Open syed-abdul-baqi opened 5 years ago

syed-abdul-baqi commented 5 years ago

I was trying this model on GTX 1080 Ti (12GB memory). All trainings have worked fine for me but with smaller batch size. However, testing for I-frame model is giving CUDA out of memory error. Which is strange because testing should not require that much or memory especially when training has worked fine. What is the best way to resolve this issue?

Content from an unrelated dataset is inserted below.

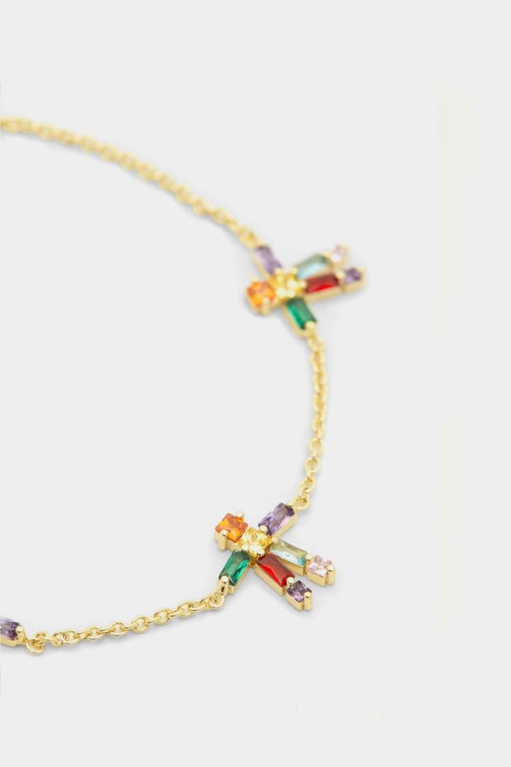 Pulsera bañada en oro con diseño de cristales rectangulares multicolor en forma de Cubi. Cierre de mosquetón ajustable con detalle de cubo.

SethuGitHub commented 5 years ago

I was trying this model on GTX 1080 Ti (12GB memory). All trainings have worked fine for me but with smaller batch size. However, testing for I-frame model is giving CUDA out of memory error. Which is strange because testing should not require that much or memory especially when training has worked fine. What is the best way to resolve this issue?

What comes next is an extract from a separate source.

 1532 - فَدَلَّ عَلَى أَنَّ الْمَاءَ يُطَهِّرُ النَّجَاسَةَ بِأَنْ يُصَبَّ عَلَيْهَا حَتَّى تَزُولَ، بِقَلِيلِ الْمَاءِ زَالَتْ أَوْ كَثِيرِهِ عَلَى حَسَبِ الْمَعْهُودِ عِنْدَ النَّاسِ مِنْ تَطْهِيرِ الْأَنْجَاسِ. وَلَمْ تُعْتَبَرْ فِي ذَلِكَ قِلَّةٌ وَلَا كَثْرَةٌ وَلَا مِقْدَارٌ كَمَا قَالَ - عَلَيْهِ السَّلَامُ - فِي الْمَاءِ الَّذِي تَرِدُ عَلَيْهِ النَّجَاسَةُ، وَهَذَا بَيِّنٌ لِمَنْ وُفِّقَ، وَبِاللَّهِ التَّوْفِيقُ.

Hi Syed, Please try to change the test.py as below. In forward_video(), def forward_video(data):

input_var = torch.autograd.Variable(data, volatile=True)

    input_var = torch.autograd.Variable(data)
    with torch.no_grad():  #sethu
      scores = net(input_var)
      scores = scores.view((-1, args.test_segments * args.test_crops) + scores.size()[1:])
      scores = torch.mean(scores, dim=1)
      return scores.data.cpu().numpy().copy()

Try this and check. -- sethu.innovative@gmail.com

Maruidear commented 5 years ago

Hi,I met this problem in training. How can I solve it?

Maruidear commented 5 years ago

I was trying this model on GTX 1080 Ti (12GB memory). All trainings have worked fine for me but with smaller batch size. However, testing for I-frame model is giving CUDA out of memory error. Which is strange because testing should not require that much or memory especially when training has worked fine. What is the best way to resolve this issue?

Hi,I met this problem in training.Can you tell me about your batch-size in training?

syed-abdul-baqi commented 5 years ago

Reduce the batch size for training. It was reduced to 4 for I-Frame. You can go further down to 2 or even 1. Batch-size 40 worked fine for mv and residual frame.

In testing, passing the following parameter in the command made it run successfully.

--test-crops=1

Note that the default value is 10 for test crops.

Best of luck

JimLee1996 commented 4 years ago

Half precision is also helpful to reduce memory consumptiuon. Try use tensor.half() and model.half().